LiPo charger and monitor in a single IC

edmunds · May 28, 2015

Dear all,

Have been off picaxe for a while, now back with some new challenges.

I'm looking for better monitoring of the remaining juice in 1s LiPo battery in my model car. I failed somewhat with stabilising calibdac10 readings, got stuck with 2.8V LDO regulator between the monitoring subject and picaxe and before I re-address this, I was wandering if there is a totally different route to go.

As I have my wireless charging components (two coils, two ICs and some caps and stuff) arriving any day now, I'm looking at LiPo chargers. MAX1555 will do for testing, but I was thinking maybe there is an IC that would combine a "fuel gauge" system like this: http://datasheets.maximintegrated.com/en/ds/MAX17043-MAX17044.pdf and a charger. Preferably with I2C interface as I am using it already for other purposes and this would then not take up any more picaxe pins.

I have asked our aunt Google for an hour now and she has not torn up anything. There is a small hope, I'm not using the right keywords and some hope people here can help with that

.

As almost always with me - I love those 1x2mm 8-pin packages. If not, maybe there is a 3x3mm 16-pin QFN or something

.

Best regards,

Edmunds

srnet · May 28, 2015

Dont know about a combined device.

But I cant see how how just measuring the cell voltage can tell you how much 'remaining juice' juice there is.

Is this possible ?

eggdweather · May 28, 2015

Most definitely yes, in the modelling world where LiPo are huge sellers and the usage evidence is huge worldwide, nearly every device be it charger or monitor uses voltage as an indicator to cell capacity.

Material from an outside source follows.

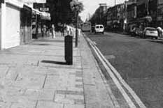 photo and a monochrome flower basket obscures a parking sign just as effectively

It's not 100% accurate, but nearly every application it is more than adequate. Generally cell voltage relates to capacity according to this:
Resting voltage vs. Capacity

4.20v = 100%
4.03v = 76%
3.86v = 52%
3.83v = 42%
3.79v = 30%
3.70v = 11%
3.6v = 0%

Some chargers monitor mA-Hr return rates, but these are few and far between and the vast majority use overall cell voltage stopping charging and slowing down charge rate as the cell voltages approach 4.2volts.

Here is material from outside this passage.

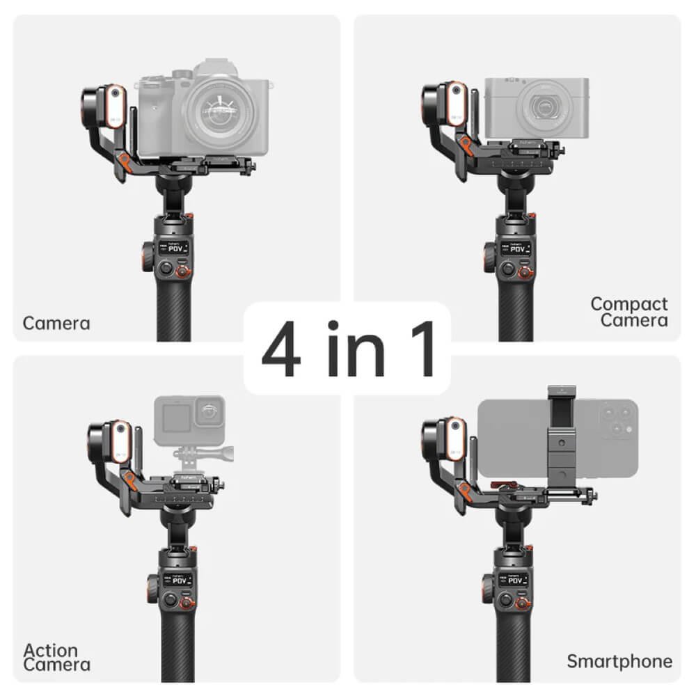 One of the standout features of the Hohem iSteady MT2 is its impressive 4-in-1 compatibility. It can support a payload of up to 1.2kg, making it suitable for various devices, including smartphones, action cameras, compact cameras, and DSLRs. It is also compatible with popular mirrorless cameras like the Sony ZV-E10, Sony A7S III, Canon EOS R5, and Nikon Z7II, among others. For a comprehensive list of compatible cameras, refer to the overview.

I am puzzled why the calibdac is not working in this example, because I have successfully used it to monitor the picaxe supply voltage and it returns good accuracy. So a picaxe supplied by a 1S battery should easily be able to monitor its supply/cell voltage and then under programme control provide control or monitoring information. The formulae I used was Vsupply= 1023*60/returned_calibdac_value and for a 5volt supply calibdac returned a value of 12035 yielding 5volts and using the remainder I could add another 0.1volt resolution to the result.

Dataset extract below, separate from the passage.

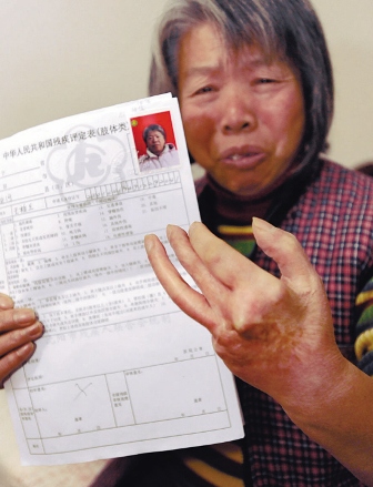 若干年前的一次工傷,讓沈河區北二經街的居民王桂蘭成為國家三級肢殘。但這一事實在上周五被“改變”了,在經歷了一次新殘疾證換證的例行體檢之后,60歲的王桂蘭被醫生告知,她已經是“正常人”了。這一結果讓王桂蘭大惑不解,她舉著殘廢的左手質問醫生,“為啥?”醫生回答:“你必須手指頭全沒了才能算殘疾。”

I'm not sure if this device provides monitoring information: http://www.ebay.co.uk/itm/5V-Mini-USB-1A-Lithium-Battery-Charging-Board-Lipo-Charger-Module-for-Arduino-/310877533550?pt=LH_DefaultDomain_3&hash=item4861beb56e

TP4056 is the device, see here: http://dlnmh9ip6v2uc.cloudfront.net/datasheets/Prototyping/TP4056.pdf

AllyCat · May 29, 2015

Hi,

edmunds said:
I failed somewhat with stabilising calibdac10 readings, got stuck with 2.8V LDO regulator between the monitoring subject

eggdweather said:
I am puzzled why the calibdac is not working in this example, because I have successfully used it to monitor the picaxe supply voltage and it returns good accuracy. ......The formulae I used was Vsupply= 1023*60/returned_calibdac_value and for a 5volt supply calibdac returned a value of 12035 yielding 5volts and using the remainder I could add another 0.1volt resolution to the result.

Do you (both) really mean CALIBDAC, or CALIBADC ? Also, I can't see how a CAL...10 (10 bit value) can return 12035 , or how/why you used CALIBADC10 with a 2.8v LDO regulator.

Using CALIBADC can be quite challenging because of PICAXE's limited Integer-Word Division accuracy, which at best is around 0.4%. Perhaps you need to post your exact code and/or your schematic hardware design. I've posted a method for measuring the PICaxe supply rail to 10 mV resolution in the code snippets section. I've also devised a method which can give 1 mV resolution (still with absolutely no external hardware), but not posted it, because it's difficult to explain/justify how it works.

Cheers, Alan.

srnet · May 29, 2015

Well, measuring at 'rest' means your mesuring the voltage at a known current as well.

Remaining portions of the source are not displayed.